E non è purtroppo solo un «atto dovuto», ma il preludio di un esito fotografato ad esempio dal (non del tuto sovrapponibile) precedente della sentenza di Cassazione del 2010 su un fatto assai meno grave: le lesioni colpose (17 giorni di prognosi) imputate al padre di un bimbo che in sella a una minimoto elettrica aveva «investito» un coetaneo in Sardegna. La norma di riferimento è infatti l’articolo 2047 del codice civile, che sul versante penale rileva ai fini dell’individuazione in capo al padre della «posizione di garanzia»: in caso di danno «cagionato da persona incapace di intendere o di volere», quale appunto è un minore sotto i 14 anni, «il risarcimento è dovuto da chi è tenuto alla sorveglianza dell’incapace», cioè qui dal genitore, «salvo che provi di non aver potuto impedire il fatto».

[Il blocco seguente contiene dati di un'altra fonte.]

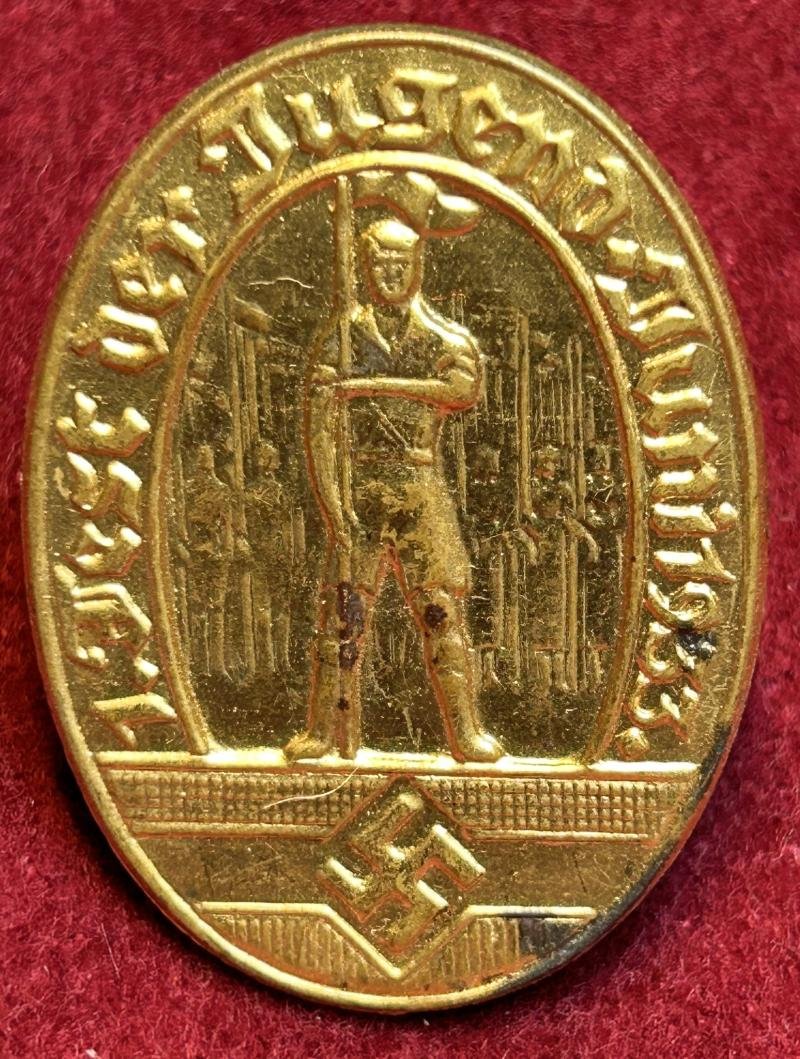 In a very good condition an early HJ badge 1st. youth feast June 1933 Frontside: 1. Fest der Jugend Juni 1933. Young man holding a flag with hundreds behind him. Swastika underneath. Backside: stickpin. No maker markings

Per la giurisprudenza «non può andare esente da colpa la condotta omissiva del genitore nel non aver adeguatamente sorvegliato l’attività del figlio intrinsecamente pericolosa» in quanto potenzialmente in grado, essendo la bici «in mano a soggetto incapace di rendersi conto della portata delle proprie azioni e di adeguarne l’uso alle condizioni del luogo, di provocare la caduta di soggetti deboli quali anziani e bambini». Impraticabile è il proscioglimento per «tenuità del fatto» su reati con pena minima sotto i 2 anni: l’omicidio colposo va da 5 anni al minimo di 6 mesi, ma il II comma esclude il beneficio se «dalla condotta è derivata, quale conseguenza non voluta, la morte di una persona». Resta solo la possibilità di patteggiare le pena, ridotta a un terzo e con la sospensione condizionale. Ma pesante — nel caso in cui il papà non abbia una qualche copertura assicurativa di quelle più note come «polizza del capofamiglia» — può risultare già solo il versante civilistico con l’impatto economico del prevedibile risarcimento, che le tabelle del tribunale, per una signora come l’87enne, stimano quantomeno sui 200.000 euro.